Law and order were the centerpiece of President Donald Trump’s 2024 campaign, with immigrants repeatedly painted as a threat to the safety of American citizens. Today’s mass deportation agenda is a direct outgrowth of that campaign rhetoric.
Yet experts say the administration’s dragnet approach to detaining and deporting immigrants is in fact eroding public safety amid rising political violence in the country.
“America needs national leaders who will work to bridge the divide, calm fears and focus on keeping all our communities safe,” said Joanna Kuebler, chief of programs at America’s Voice.
“Unfortunately, this administration is pursuing a different track, pledging retribution, stoking division, scapegoating immigrants and pursuing a mass deportation agenda, all of which are at odds with public safety.”
Kuebler’s remarks were delivered during a September 24 virtual briefing organized by America’s Voice on the public safety impacts of the administration’s aggressive immigration enforcement tactics.
The briefing came on the heels of a shooting at an Immigration and Customs Enforcement (ICE) facility in Dallas early Wednesday that claimed the lives of one detainee, leaving two others critically injured.

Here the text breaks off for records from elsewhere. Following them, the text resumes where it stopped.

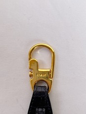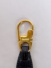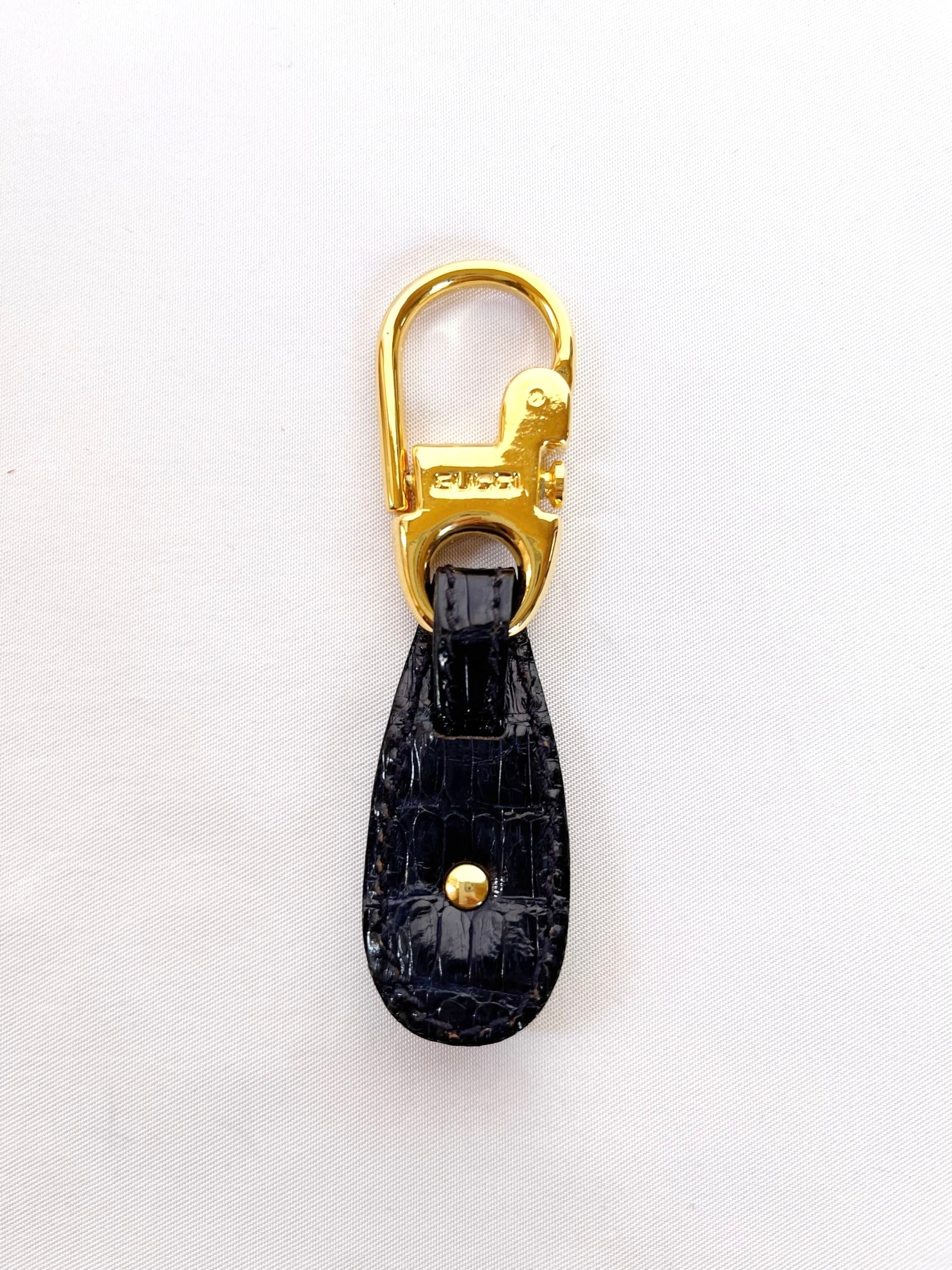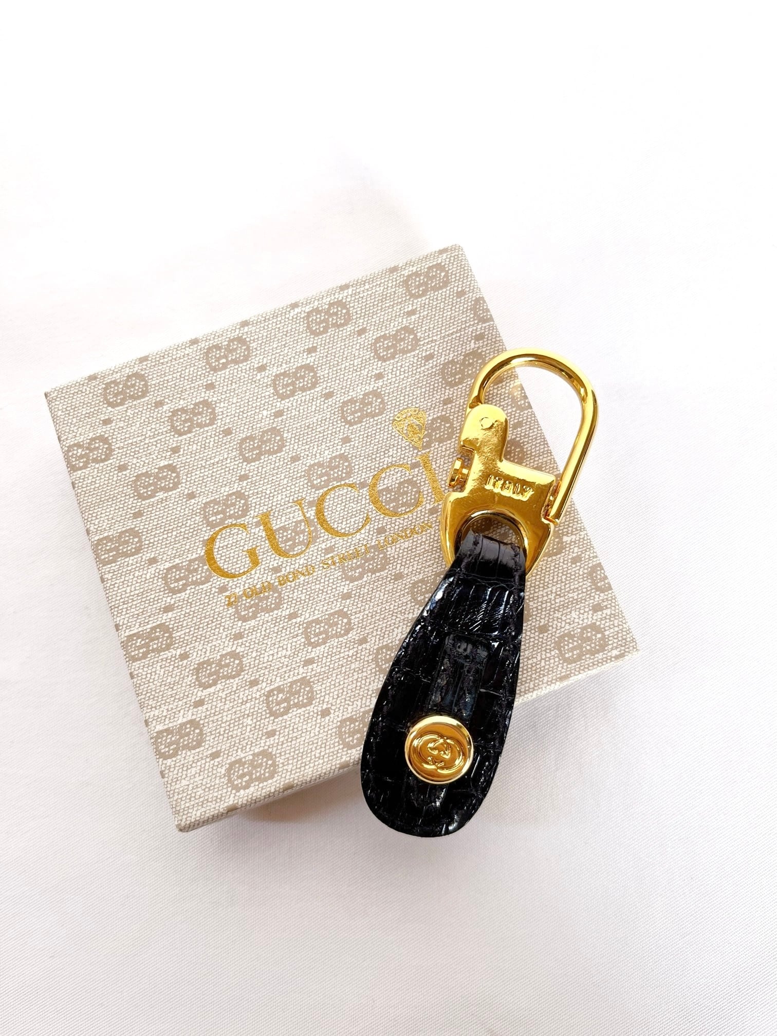 DK. NavyのレザーにゴールドのGGロゴが高級感のあるGUCCI 80’s Vintageキーチャーム。箱つき☆☆
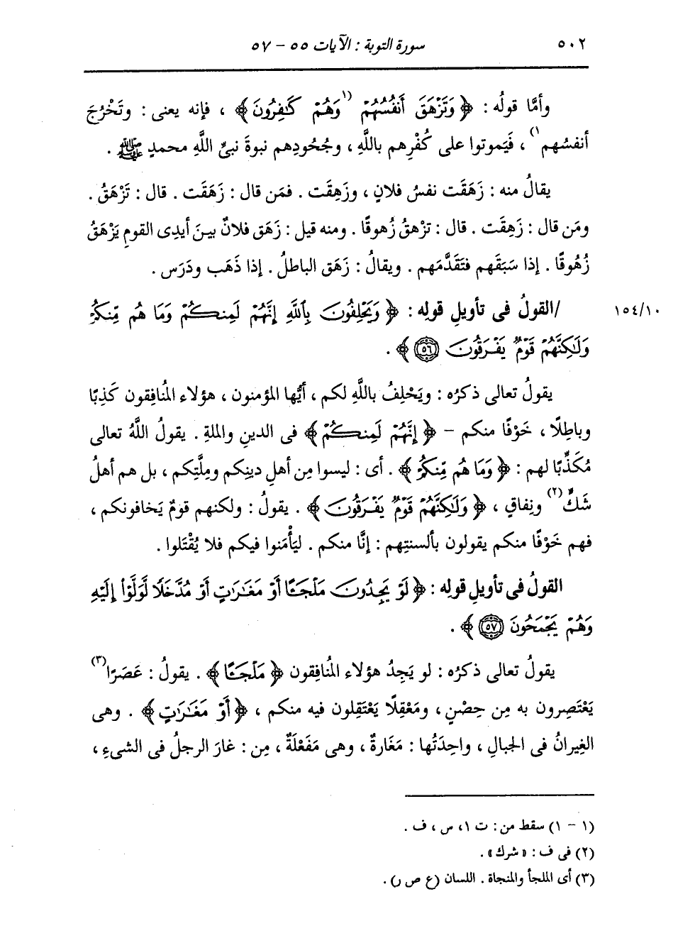 §وَأَمَّا قَوْلُهُ: {وَتَزْهَقَ أَنْفُسُهُمْ وَهُمْ كَافِرُونَ} [التوبة: 55] فَإِنَّهُ يَعْنِي: وَتَخْرُجَ أَنْفُسُهُمْ، فَيَمُوتُوا عَلَى كُفْرِهِمْ بِاللَّهِ وَجُحُودِهِمْ نُبُوَّةَ نَبِيِّ اللَّهِ مُحَمَّدٍ صَلَّى اللهُ عَلَيْهِ وَسَلَّمَ، يُقَالُ مِنْهُ: زَهَقَتْ نَفْسُ فُلَانٍ، وَزَهِقَتْ، فَمَنْ قَالَ: زَهَقَتْ، قَالَ: تَزْهَقُ، وَمَنْ قَالَ: زَهِقَتْ، قَالَ: تَزْهِقُ زُهُوقًا، وَمِنْهُ قِيلَ: زَهِقَ فُلَانٌ بَيْنَ أَيْدِي الْقَوْمِ يَزْهَقُ زُهُوقًا: إِذَا سَبَقَهُمْ فَتَقَدَّمَهُمْ، وَيُقَالُ: زَهَقَ الْبَاطِلُ: إِذَا ذَهَبَ وَدُرِسَ
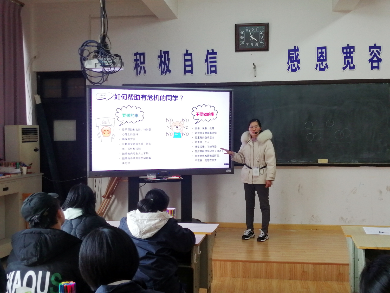 同一时间,在奥林匹克楼三楼的心理教室内,“朋辈辅导 互助成长”公益心理讲座也正在热烈的讨论中。中学生心理健康的标准、常见的心理困扰、校园心理危机的表现及特点、同辈群体之间如何互助及自助等。我校专业的心理老师为大家答疑解惑,心理社的职员们带领同学们一同活动,共同思考,以更阳光的心态面对生活和学习。
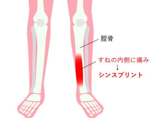 シンスプリントは、脛骨過労性骨膜炎(けいこつかろうせいこつまくえん)とも呼ばれるランニング初心者が陥りやすいランニング障害です。運動中や運動後に足のすねの内側(下方1/3あたり)に痛みが生じます。
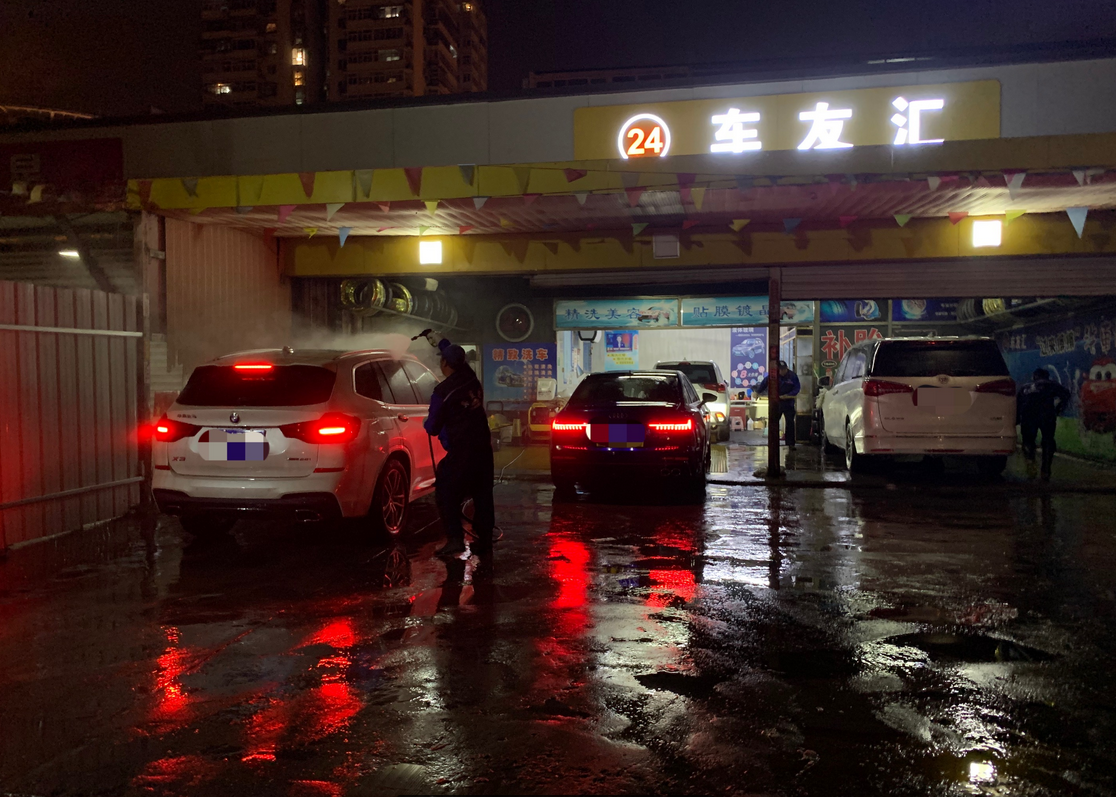 不到10分钟,一辆车清洗完毕开出洗车行,紧接着下一辆进入。直到晚上11时许,前来清洗的车仍络绎不绝,现场还有五六辆车在门外排队等待。
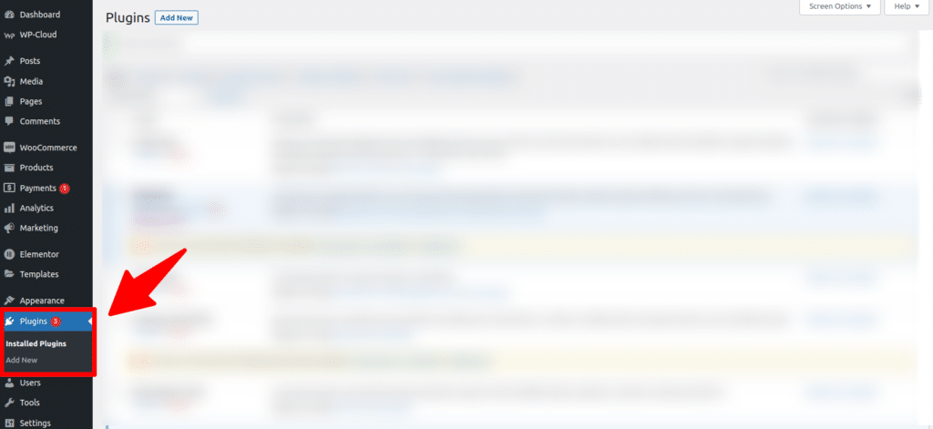 Siirry vasemmanpuoleisen valikon kohtaan Lisäosat (Plugins):
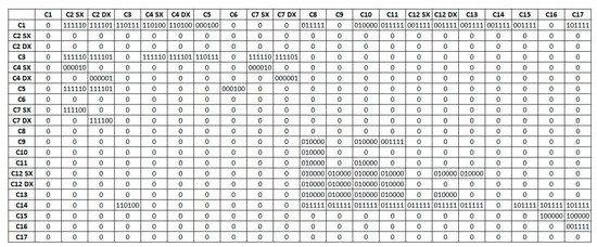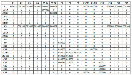 In the CFM (components fasteners matrix), the vector of the j-th row represents the limitations due to the presence of the fasteners that the component j has along the directions in which it can be removed (if we are in a two-dimensional space, the possible directions are −x, + x, −y, and + y, while in a three-dimensional space, we also have −z and + z). If a fastener prevents the movement along the removal direction of the j component, 1 will be inserted in the corresponding cell, otherwise 0. Therefore, if 1 is present in a certain cell, it means that the component is blocked by the fastener, whereas if 0 is present, the component is not blocked by the fastener along the direction in which it is removed.
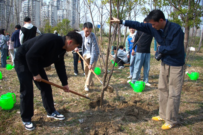 活动当日,阳光正好,学院的师生们来到植树现场,在专业人员的指导下,大家迅速掌握植树要领,有序分工,默契配合。老师们身先士卒,挥锹铲土,每一锹都饱含着对绿色未来的期许;同学们也不甘示弱,有的负责搬运树苗,有的专注于扶苗填坑,还有的提着水桶来回奔波浇水。大家齐心协力,将一株株树苗稳稳地植入土中,现场呈现出一片热火朝天的劳动景象。经过师生们的辛勤劳作,原本空旷的土地上整齐地排列着新栽的树苗,它们在微风中轻轻摇曳,焕发出勃勃生机。这些树苗承载着智能制造学院师生对绿色未来的美好憧憬,也将成为他们参与生态文明建设的生动见证。

Authorities described the shooter, 29-year-old Joshua Jahn of North Texas, as being ideologically motivated, with the words “ANTI-ICE” painted in blue letters on ammunition found at the scene.
Jahn died from a self-inflicted gunshot wound at the scene.
Wednesday’s attack also follows the September 10 killing of conservative activist Charlie Kirk, part of a string of high-profile attacks in recent months targeting political figures on both the left and the right.
“Under no circumstances should we allow political violence, nor should we normalize it,” said former Capitol Officer Harry Dunn, who was present during the attack on the U.S. Capitol on January 6, 2021. “I endured political violence in its highest form,” he said.
Referencing Trump’s remarks during Kirk’s memorial service in which the president declared, “I hate my opponents,” Dunn stressed the need for politicians to “be very careful” in how they discuss political violence.
Rafael Lemaitre is the former Director of Public Affairs at FEMA. He said the diversion of funds away from the agency and toward stepped-up immigration enforcement leaves communities at heightened risk.
“Right now FEMA is being gutted,” said Lemaitre. “Millions of dollars are being diverted from vital resiliency and mitigation efforts and towards performance politics and mass deportations.”
In July, the administration announced that it would reallocate $271 million from federal agencies, including $155 million from FEMA, to support deportation efforts. The increase, along with recent legislation, brings the current ICE budget from its previous $8 billion to more than $28 billion.
Massachusetts Senator Elizabeth Warren called the stripping of FEMA funds a “cruel, dangerous move—especially at the height of hurricane season.”
According to Lemaitre, Hurricane Katrina in 2005 laid bare FEMA’s shortcomings in both capacity and funding. Later administrations, both Democrat and Republican, worked to shore up the agency, which “proved its mettle” in subsequent disasters.
“Today we are on track to painfully relearn the lessons of Katrina because of the Trump Administration’s hollowing out of the agency,” stressed Lemaitre, noting a 20% staffing cut, the cessation of training for first responders, and the cancellation of contracts for sheltering and logistics.
As for deportations, Lemaitre said the ongoing raids by ICE and Customs and Border Patrol (CBP) agents are eroding trust in federal agencies in some of the country’s most vulnerable communities. FEMA, he said, “needs to have trust so people listen, and lives are saved.”
Former ICE Chief of Staff Jason Houser was also scheduled to speak during Wednesday’s briefing but was unable to attend given the events earlier in the day in Dallas.
In testimony delivered before Congress in May, Houser echoed Lemaitre, saying tactics targeting immigrants regardless of whether they have prior criminal convictions “put ICE officers at greater physical risk, weaken community trust, and undermine effective enforcement.”
Data suggest that up to 70% of those in ICE detention have no criminal background.
The net effect, Houser added, is to make the job of immigration enforcement “more complex and dangerous,” increasing the likelihood of a public backlash and complicating efforts to target genuine safety threats. ICE agents become “the face of a broken system,” he said.
ACoM reached out to Houser for comment but did not hear back by the time of publication.
Concern for the safety of immigration officers has been cited by the administration as one reason for the masking of ICE agents. But according to Dunn, while threats to law enforcement are an everyday reality, public safety “overrides” the concerns of officers who are themselves public servants.
“When law enforcement feels empowered and that there are no consequences, that is a recipe for disaster,” said Dunn, adding, “We need to build trust.”